My dear Sisters,
The city has surrendered itself entirely to rain. It does not fall so much as persist—an unrelenting seepage into walls, into wood, into the very temperament of things. The houses appear to hold it within themselves now; one sees the damp before one steps inside, as though the structures have taken to exhibition. Even the door to my lodgings refuses its duty—it will not close, swollen with the season. Such is the stage we have reached.
I cannot recall an autumn in Gauteng so cold, so insistently wet. It carries the temperament of a June elsewhere—some greyer, more restrained country, where the sun is spoken of rather than seen. I find myself wondering about home. Tell me, are the mountains in Lesotho glistening still, their sides undone by streams? Does the land there also feel as though it is silently weeping?
This morning I woke in a state of some exhaustion. I have been running more than I had intended—beyond reason, perhaps. My toes, I must admit, are not what they once were. They have lost something of their former brightness, and my favourite running shoes have taken to developing holes, worn my miles and insistence—an indignity I suspect neither of us deserved. Yesterday, climbing the hills of Northcliff, my heart rose to such a pitch that I thought it might abandon me.
There was no electricity at dawn, and yet, as I stood beneath the shower preparing for the library in Parkview, it returned with an almost theatrical timing, as though the city itself were toying with me. Work occupies me entirely, though it has yet to yield anything so vulgar as payment. My hours have grown irregular. Sleep arriving at five, departing at nine, as though it too were uncertain of its commitments. At times, I entertain the grim notion that I shall become one of those artists whose work is only properly regarded once they are no longer here to see it. It is a tedious fantasy, and I do not wholly believe it. Not in my case, I think.
The novel—yes, that stubborn creature—is nearly finished. I had imagined I might complete it in three months; we now approach five. Still, I feel we are moving, if not swiftly, then with a certain inevitability. I wonder, idly, who will read it. You, I suppose, though I am not unaware that reading has never been the chief pastime among you. Even so, one writes with some hope.
Mama has written to me—she requires money for house repairs come April. I shall see what can be managed. And you, what occupies your days now? I imagine Katty and ’Mita remain consumed by their work, while Mow continues, as ever, to live rather splendidly.
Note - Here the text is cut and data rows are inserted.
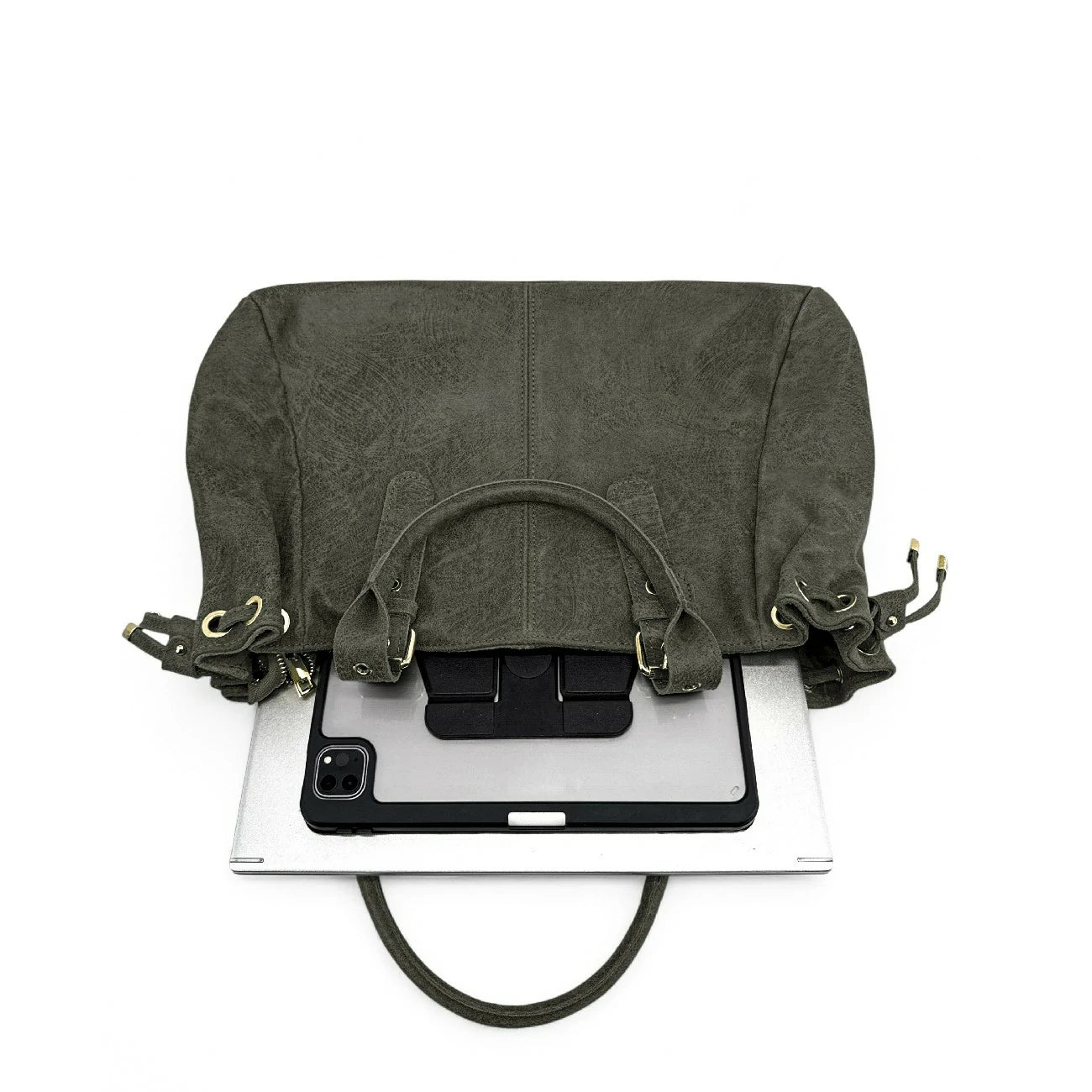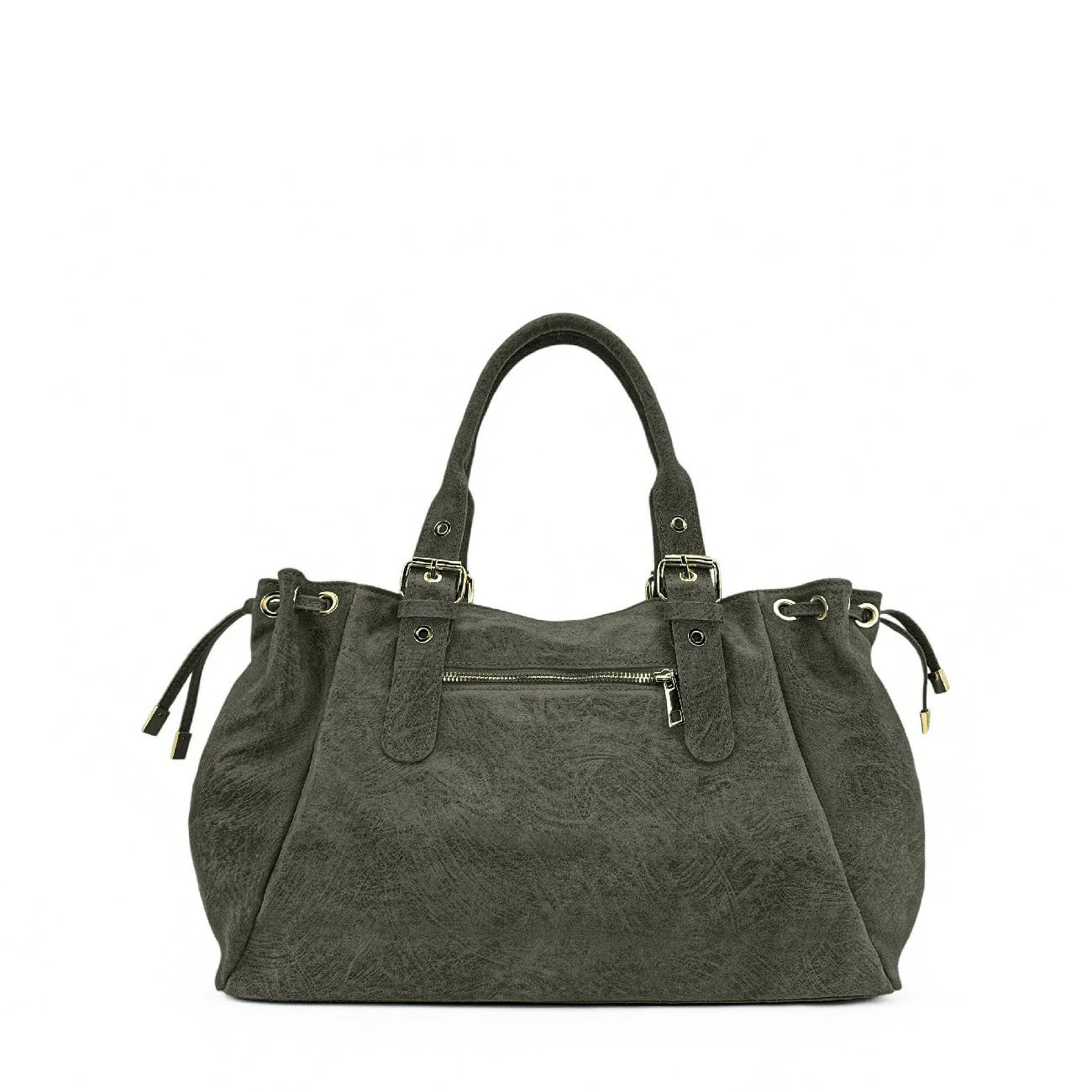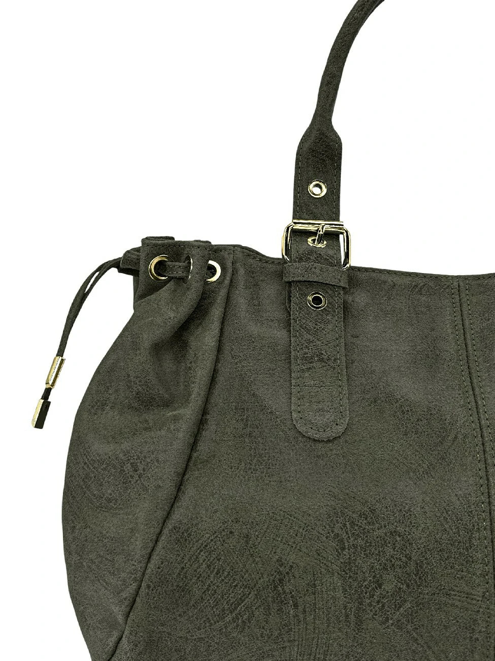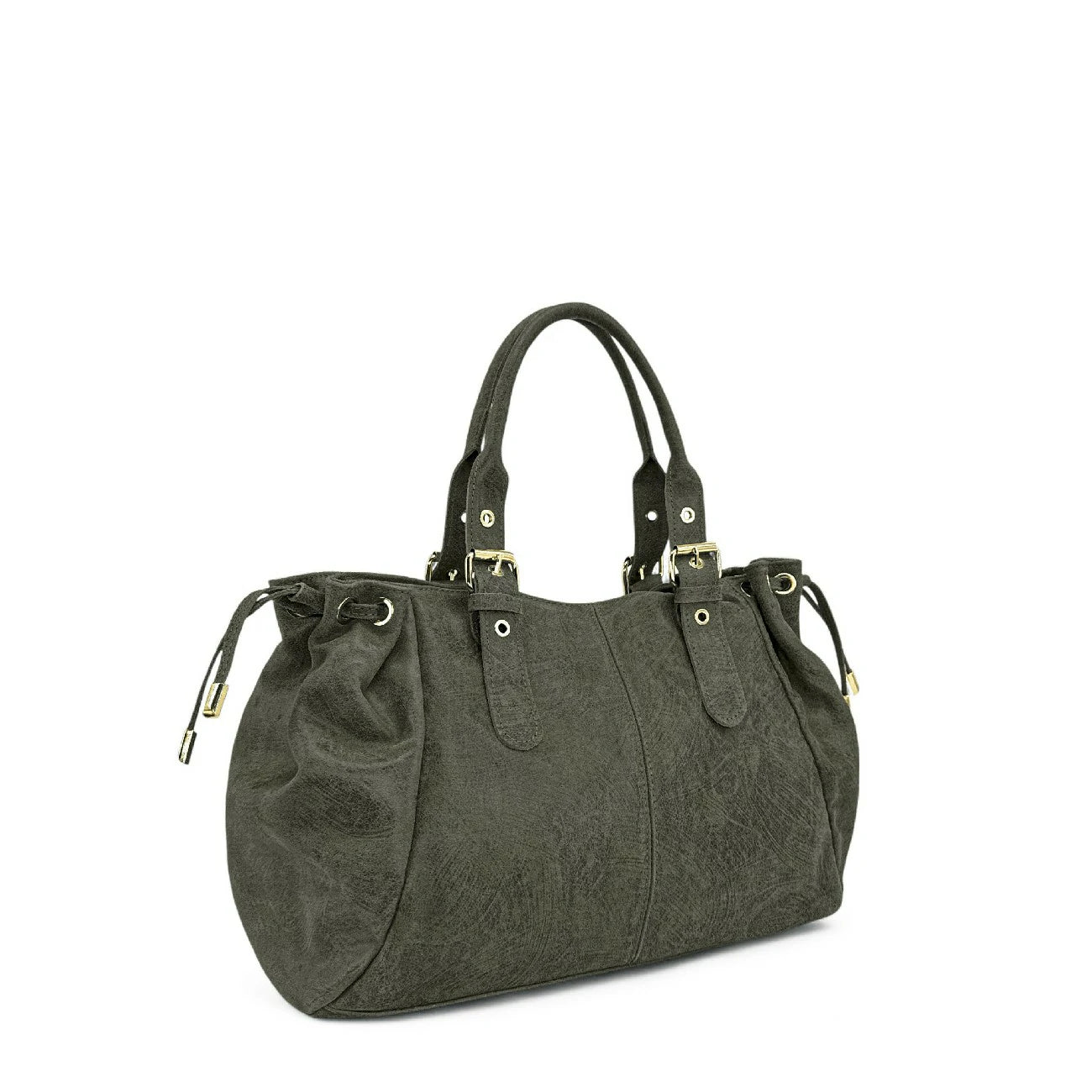 Sac bowling en cuir kaki à motif gratté, porté épaule, fabriqué en Italie.
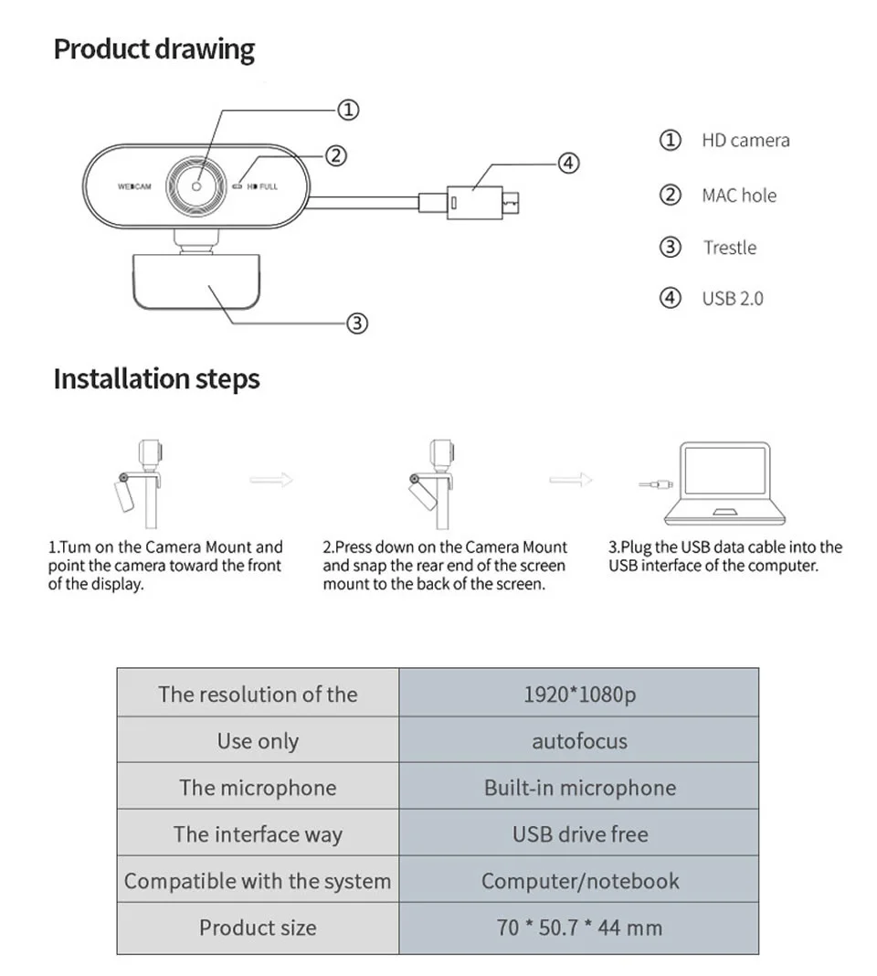Автофокус, чистый выход.Выход Full HD 1080P с очень высоким цветовым дисплеем.Встроенный звукопоглощающий микрофон, ваш голос может быть четко услышан в десяти метрах.Большая текстура без деформации, горизонтальный угол может достигать 100, левый и правый 360 градусов и вверх и вниз 45 градусов ровный, вы можете угол, если хотите.Встроенный микрофон, расстояние захвата может достигать 3-5 метров; Usb-драйвер-бесплатно, подключи и работай, высокая совместимость;Подходит для видеоконференций, веб-трансляций, видеозвонков и т. Д.
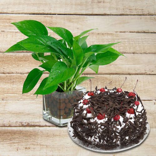 Send your best wishes by delivering this Good Luck Money Plant in Glass Pot with Yummy Black Forest Cake Combo-1lb to the people close to you and make them surprised and happy. Plant Type - Medical Benefit/Refreshing Plant Size - 3 to 7 inch Pot Size - 3 to 4 inch
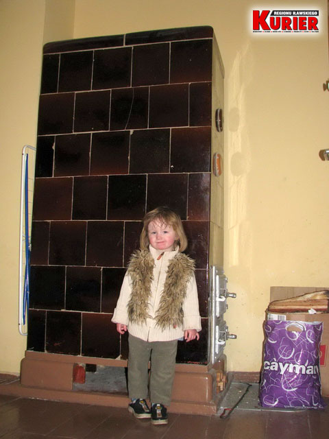 Mała Oliwia przy piecu kaflowym, który nie daje
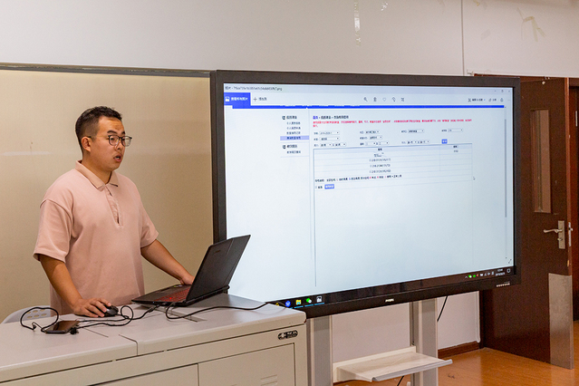 张丙辛向在场学生助管说明图书馆打印机的使用方法,介绍外借器材申请和值班人员签到等事项,讲解教室申请、启航网新闻发布等工作的流程。史佳卿介绍网上预约报账系统的使用方法,说明网上预约报账的具体流程及注意事项,并着重讲解付款的方式、步骤以及公共卡消费认证的相关事宜。
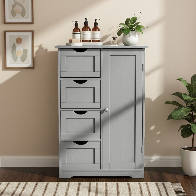 Homall Wooden Bathroom Cabinet, Freestanding Storage Cabinet with 4 Drawers and 1 Cupboard
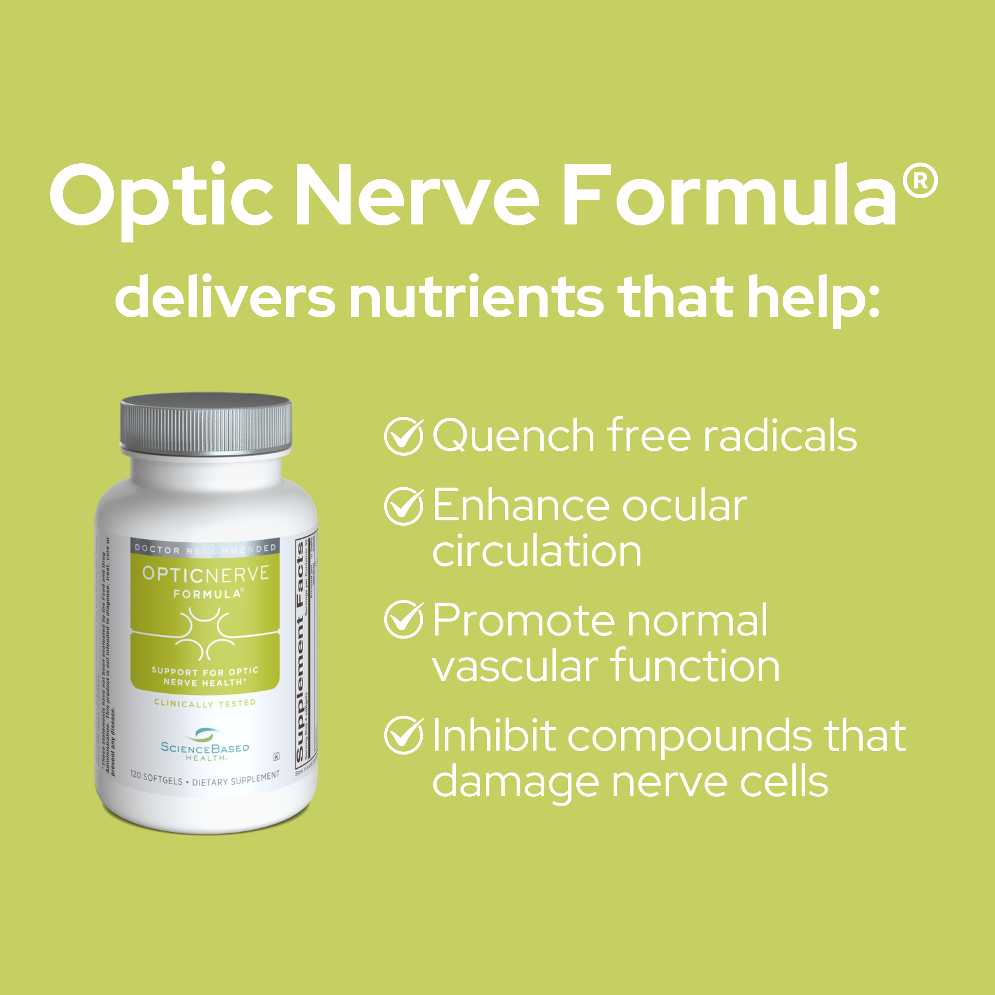 La fórmula especializada ayuda a mantener la salud del nervio óptico con una mezcla de ingredientes que actúan para aumentar los niveles de antioxidantes, ayudar a mantener la función nerviosa saludable y ayudar a mantener la circulación ocular normal.
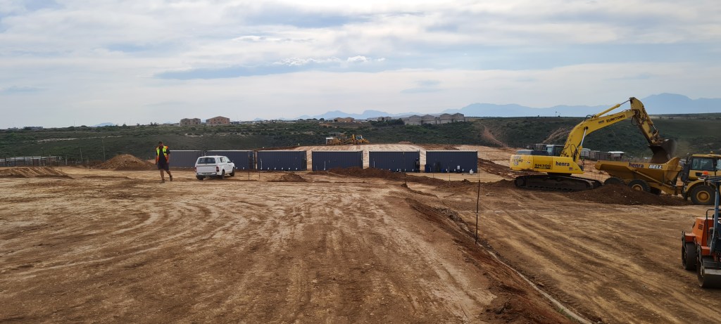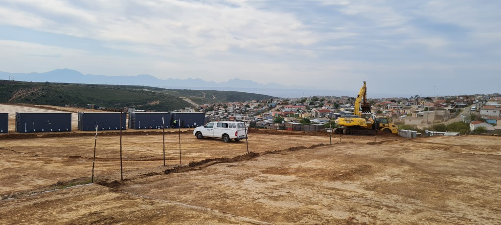 The Contractor, Entsha Henra (Pty) Ltd is currently busy with the construction of the services for the Temporary Relocation Area (TRA) and the delivery of the first containerised ablutions facilities has taken place on site. Construction has also started in the Transand Camp Informal Settlement area. See the photos below illustrating the latest progress:
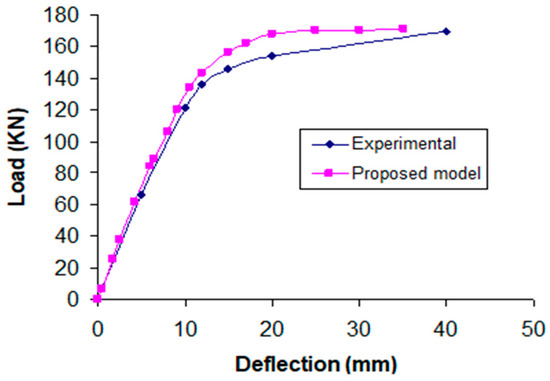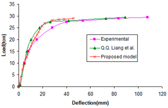 Comparisons in terms of the load–deflection curves are presented in Figure 13, where the proposed model is compared with the experimental results and numerical data proposed by Liang et al. [18]. The shapes of the numerical and experimental curves show good agreement. The experimental collapse load is 29.5 tons and the corresponding deflection is 107.8 mm. The failure load of the proposed FE model is 27.9 tons, about 94.50% of the experimental load, and the corresponding deflection is 41.6 mm, about 39% of the experimental deflection. The stress distribution in the steel beam as well as the cracking and crushing of the concrete slab are shown in Figure 14.
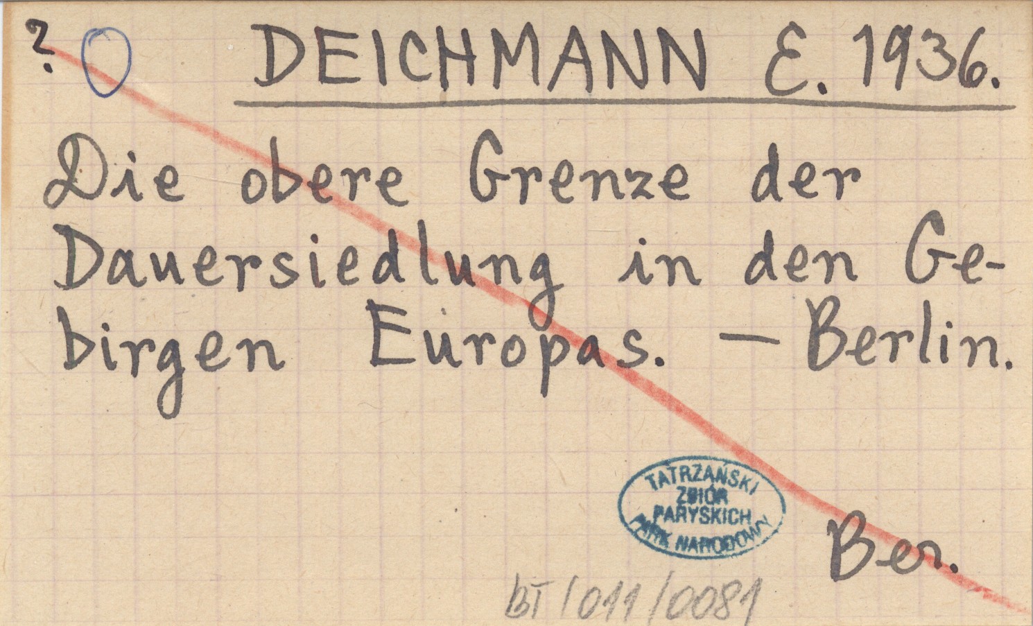 DEICHMANN E. 1936 Die obere Grenze der Dauersiedlung in den Gebirgen Europas.

Ree, I am told, has taken to motherhood—a son, no less. It is a strange thing, how swiftly time rearranges us. It seems only yesterday we were gathered at Christmas in those white costumes Mow designed thoughtfully at the last minute, and now five years have slipped by without so much as an apology. Lee, I trust, is preparing for her final examinations with due seriousness, and the teacher, Pippah, is sharpening the future’s brightest minds.
My days here are composed of small, repetitive acts: I read, I write, I observe. Occasionally, I speak with a stranger. I tend to the cat, clean her litter box, wash the dishes, and prepare supper. In the evenings, I walk with Anja as she exercises her dog, Sophie, around the park. There is a rhythm to it all, though not an altogether comforting one.
Earlier this month, I visited Alexandra township for the first time. One is struck immediately by a certain stripping away of dignity, something difficult to articulate without sounding severe. Not long after, I found myself in Hawick, in KwaZulu-Natal, in the company of Malcolm. To move between such places in so short a span unsettles the spirit. One feels, quite at once, grateful and resentful, fortunate and deprived. It is a most disorienting condition, as though one were being pulled in opposing directions by invisible hands.
I am to travel to Cape Town in April for editorial work. I approach it with a seriousness that borders on the absurd, given that it does not yet pay. Still, I hold to the belief that it will, eventually, and perhaps even handsomely. There are moments, I confess, when I feel myself part of some peculiar fraternity of artists—working endlessly, producing diligently, and yet receiving nothing in return but the work itself. It is a most disagreeable arrangement. And yet—I persist.
Do write when you are able. I find I miss you all in ways that are not always immediately apparent, but deeply felt, nonetheless.